*** Block opens ***
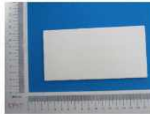
Photo of the Submitted Sample

Test Report No. C18101804002 Date: Oct 22, 2018 Page 2 of 3
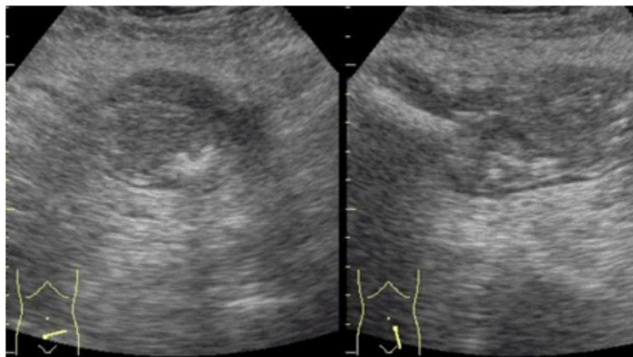
Figuras 1 y 2. Perspectiva de la ultrasonografía que muestra imagen de falso riñón.

Radiografía de colon por enema: Defecto de lleno a nivel de la unión recto-sigmoidea, que se
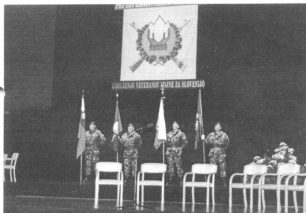
Na sliki: Praporščaki
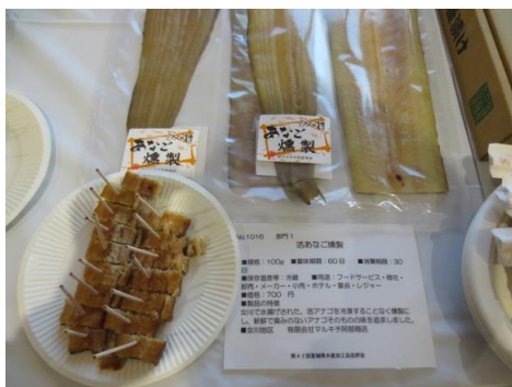
1016 活あなご燻製 有限会社マルキチ阿部商店
*** Block closes ***
- [Task details] Once the pictures are removed, reproduce the remaining entries above exactly.

- [Response below]
Photo of the Submitted Sample

Test Report No. C18101804002 Date: Oct 22, 2018 Page 2 of 3
Figuras 1 y 2. Perspectiva de la ultrasonografía que muestra imagen de falso riñón.

Radiografía de colon por enema: Defecto de lleno a nivel de la unión recto-sigmoidea, que se
Na sliki: Praporščaki
1016 活あなご燻製 有限会社マルキチ阿部商店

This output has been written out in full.